Problem details -> Retype word for word the stretch of entries below from the line that has "Femme rousse se" through the line that has "CURIOSA SPECCHIERA in", and omit the pictures.
------------------------------------------------------------
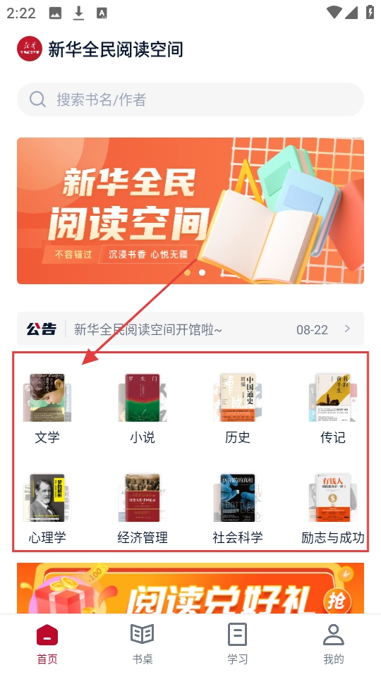 首页设有【文学】【小说】等分类板块,若想寻找心仪的书籍,只需选择对应的分类,就能开启一段超棒的阅读之旅啦。
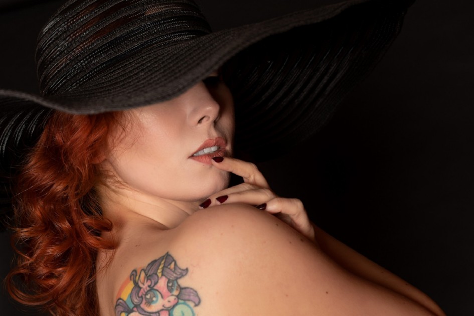 Femme rousse se montre nue dans la sensualité et l’érotisme
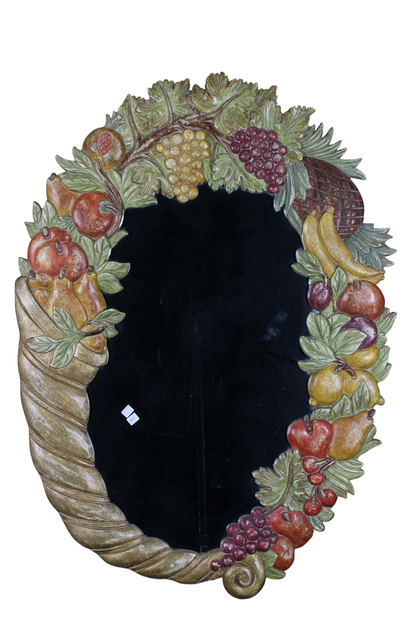CURIOSA SPECCHIERA in legno scolpito a formare cornucopia con frutta manifattura italiana XX secolo h cm 106 x 80
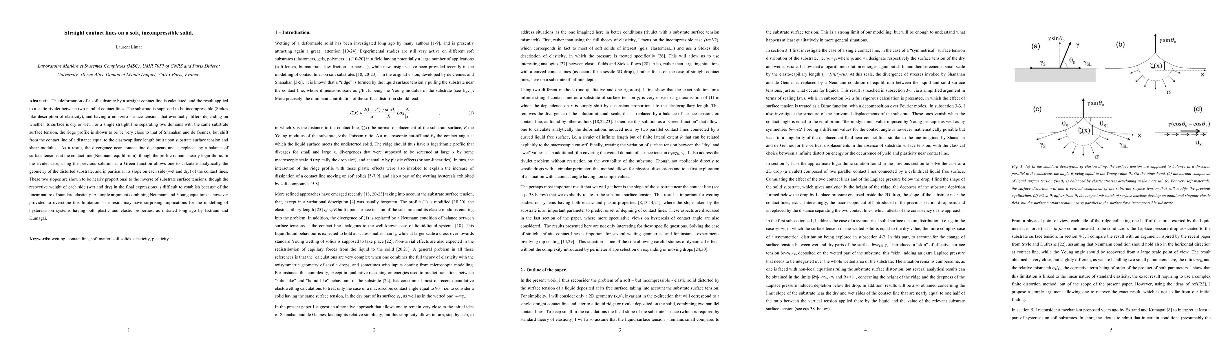 Researchers study how a soft, incompressible solid interacts with straight contact lines, finding that surface tensions play a crucial role in determining the shape of the substrate near the contact line, with implications for modeling hysteresis in complex systems.
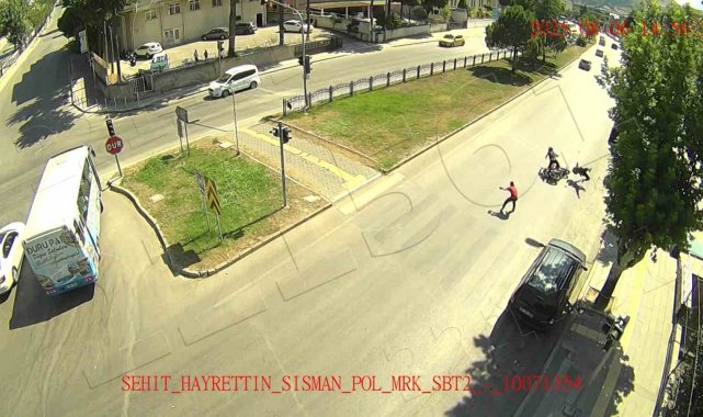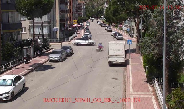 Eski otogar mevkiinde yaya geçidinden geçen iki yayadan birine hızla gelen motosiklet çaptı. Yaya ve sürücünün metrelerce sürüklendiği anlar kameralara yansıdı.
------------------------------------------------------------
Written answer ->
 Femme rousse se montre nue dans la sensualité et l’érotisme
CURIOSA SPECCHIERA in legno scolpito a formare cornucopia con frutta manifattura italiana XX secolo h cm 106 x 80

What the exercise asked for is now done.